Upon receptor-mediated entry, HIV-1 uses the host-cell molecular machinery to ensure its reverse transcription, integration and transcription [59, 60]. Large siRNA screens performed on cell lines identified networks of HDFs acting at different levels of the viral life cycle [56, 57, 58, 84]. Very few HDF identification studies were performed on primary cells [127–129]. JAK1 is one of the very few HDFs identified in more than two siRNA screens that is also included in the NCBI HIV interaction database . Of particular importance, our microarrays revealed an up-regulation of JAK1 transcripts in Th17 versus Th1. JAK1 is a tyrosine kinase associated with the signaling through the receptors of type I and II cytokines; activation of JAK1 induces STAT3 phosphorylation in response to IL-21 stimulation . Consistent with JAK1 up-regulation in Th17 cells, the JAK signaling pathway is altered in subjects with Hyper IgE syndrome that exhibit mutations in STAT3 and subsequent Th17 deficiency . JAK1 antagonists were reported to interfere with Th17 polarization in a mouse model of psoriasis . Considering the fact that JAK antagonists inhibit HIV replication and reactivation , JAK1 may represent a novel therapeutic target to interfere with infection in Th17 cells.
Despite a low degree of overlap among individual HDFs identified in different siRNA screens [56, 57, 58, 84], pathways such as NF-κB, peroxisome proliferator-activated receptor (PPAR), and retinoic acid receptor were identified as being important for HIV permissiveness in at least two distinct studies [59, 60]. A previous study by our group demonstrated that the transcription factor PPARγ is expressed at superior levels in Th1Th17 versus Th1 and acts as a negative regulator of HIV replication . Of note, PPARγ is also an intrinsic negative regulator of Th17 polarization . Therefore, mechanisms involved in Th17 polarization and HIV replication are overlapping. The present transcriptional profiles consistently demonstrated superior expression of PPARγ in Th17 versus Th1 cells. These findings provide further evidence that Th17, similar to Th1Th17 cells , are endowed with intrinsic mechanisms that control HIV permissiveness, mechanisms that should be targeted therapeutically.

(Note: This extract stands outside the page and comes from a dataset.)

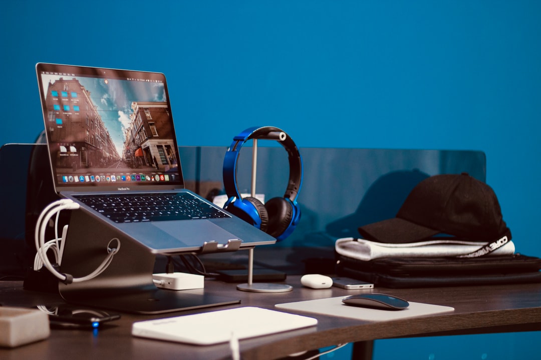 打开耳机旁边的笔记本电脑和桌上的盖子

Consistent with differential HIV replication in Th17, Th1Th17, Th1, and Th2 memory CD4+ T-cell subsets , the present genome-wide transcriptional profiling revealed the remarkable transcriptional differences between Th17 and Th1 cells. Gene set variation analysis revealed unique pathways enriched in Th17 versus Th1 cells, including TCR signaling, T-helper differentiation, IL-7 signaling, nuclear receptor transcription, and circadian repression of expression by REV-ERBα. Therefore, it is reasonable to assume that pathways preferentially expressed in Th17 cells are exploited by HIV for successful replication.
Similar to Th2 and in contrast to Th1 , Th17 polarization depends on low strength TCR signals . Consistently, we found an enriched expression of transcripts linked to the TCR signaling cascade in Th17 versus Th1, including the major kinases Lck and ZAP-70. These differences were validated by RT-PCR at the population level and further visualized/quantified at the single-cell level by confocal microscopy. Of note, Lck facilitates assembly of HIV-1 by targeting HIV-1 Gag to the plasma membrane in T cells , while ZAP-70 kinase regulates HIV cell-to-cell spread and virological synapse formation . Superior expression of phosphorylated active forms of Lck and ZAP-70 in Th17 versus Th1 cells coincided with superior expression of transcripts for multiple kinases and phosphatases downstream from the TCR. Among transcripts associated with the TCR reactome, our RNA interference experiments identified MAP3K4 and PTPN13 as positive regulators of HIV replication in Th17 cells. The phosphorylation of p38 MAPK by MAP3K4 was previously linked to Th17 polarization signals . We previously reported MAP3K4 up-regulation in HIV-permissive Th1Th17 cells . PTPN13, a tyrosine phosphatase involved in the negative regulation of Fas-dependent apoptosis upon TCR triggering [138–140], was identified as a Th1Th17 marker [62, 129]. Here, we confirmed by RT-PCR the exclusive expression of PTPN13 mRNA in Th17 versus Th1. Mechanisms by which MAP3K4 and PTPN13 regulate HIV replication remain to be further examined, but they are likely linked to the control of the state of cellular activation upon TCR engagement.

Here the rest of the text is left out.